The decision, numbered 6/1065/9.10.2025, was published in the Government Gazette on Wednesday and updates the framework governing how the regulator evaluates the “fitness and propriety” of shareholders with significant stakes in key market infrastructures such as the Athens Stock Exchange, the central counterparty ATHEXClear, and the Central Securities Depository.
The new rules are designed to make the evaluation process more flexible, particularly for large, EU-supervised financial groups such as Euronext. Under the revised framework, the HCMC will be able to tailor the depth of its assessment and the level of documentation required according to the size and nature of the investor and the transaction. In practical terms, this means that an established, regulated entity like Euronext will not have to submit an entirely new application file from scratch, unlike an unsupervised investor or private individual.
The decision also allows the HCMC to rely on information already held by other European supervisory authorities—such as France’s Autorité des Marchés Financiers (AMF) or the Netherlands Authority for the Financial Markets (AFM)—as well as on public registries and previous regulatory assessments. This measure is intended to speed up the approval process and avoid unnecessary repetition of due diligence already performed elsewhere in the European Union.
These changes are particularly relevant as Euronext awaits approval for its public offer to acquire a controlling interest in Hellenic Exchanges. Should the offer proceed, the pan-European exchange operator would gain a “qualifying holding” not only in ATHEX but also in its regulated subsidiaries. Before such a transaction can be completed, Greek law requires the HCMC to approve the new shareholder, assessing its solvency, reputation, managerial competence, and overall compliance with European supervisory standards.

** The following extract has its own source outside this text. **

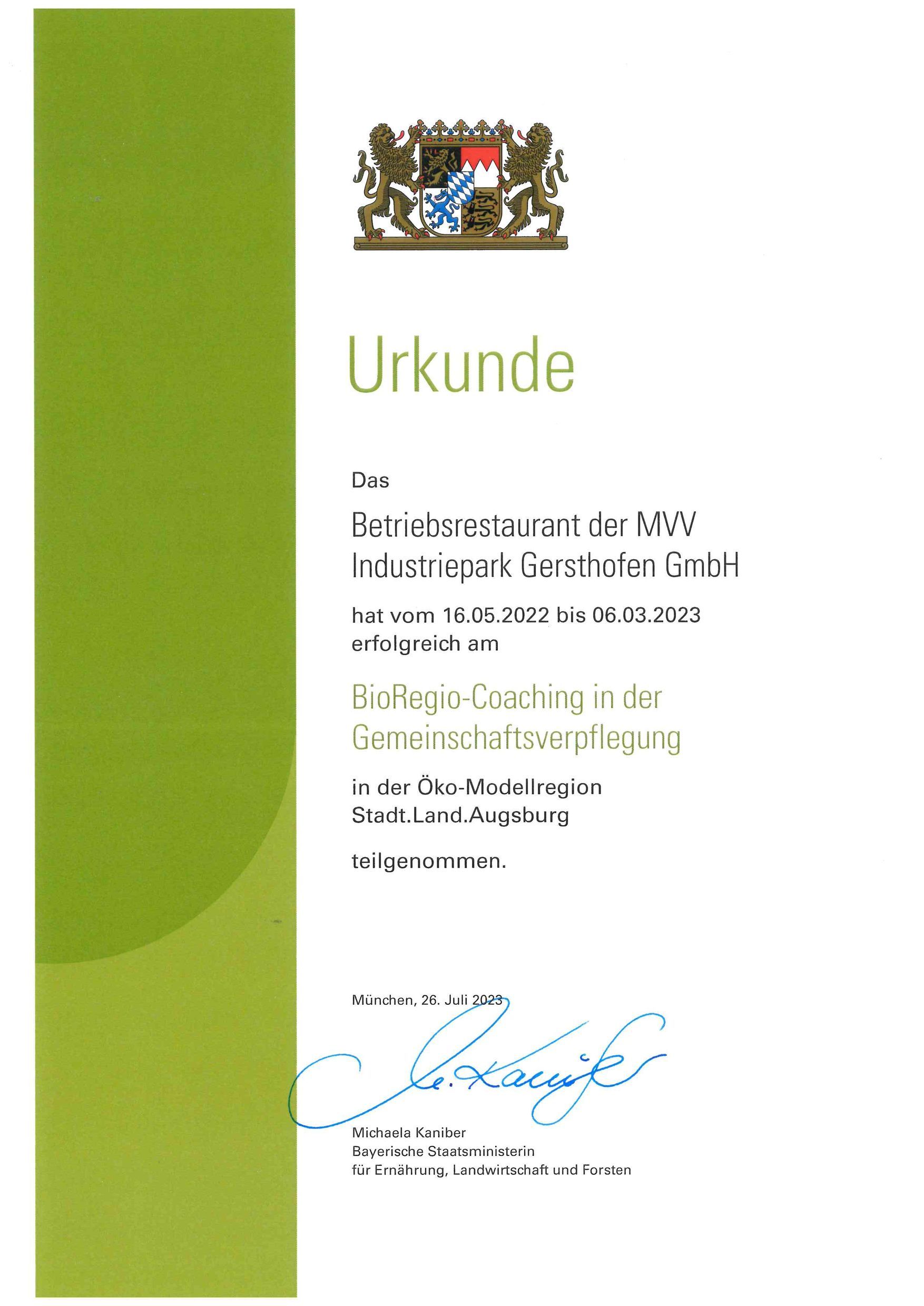 Wir freuen uns, dass der Caterer unsere Schulmensa mit der Urkunde "BioRegio-Coaching" des Bayrischen Staatsministeriums für Ernährung, Landwirtschaft und Forsten ausgezeichnet wurde.

The Commission’s latest decision also introduces “reduced information requirements” for EU-supervised entities. Companies falling under this category will now need to provide only the essential details, depending on whether the shareholder is an individual or a corporation and on the size of the stake they intend to acquire—whether below or above 20 percent. If a shareholder has already been evaluated by the HCMC within the previous two years, only updated information must be submitted. In cases where no changes have occurred, a formal declaration confirming that the data remain unchanged will suffice. Applicants may also submit supporting documents in stages until the full application is complete.
Market observers view these amendments as a practical alignment of Greek regulation with European supervisory guidelines (JC/GL/2016/01), as well as a move that facilitates Euronext’s pending assessment. Since the company is already regulated by EU authorities and operates major exchanges in Paris, Amsterdam, Dublin, Milan, Lisbon, and other European capitals, the HCMC will now be able to rely on existing oversight information without imposing redundant requirements.
Despite the procedural streamlining, the HCMC retains the authority to block any acquisition of a qualifying holding if it determines that the transaction could pose risks to financial stability or raise concerns about the acquirer’s integrity or solvency.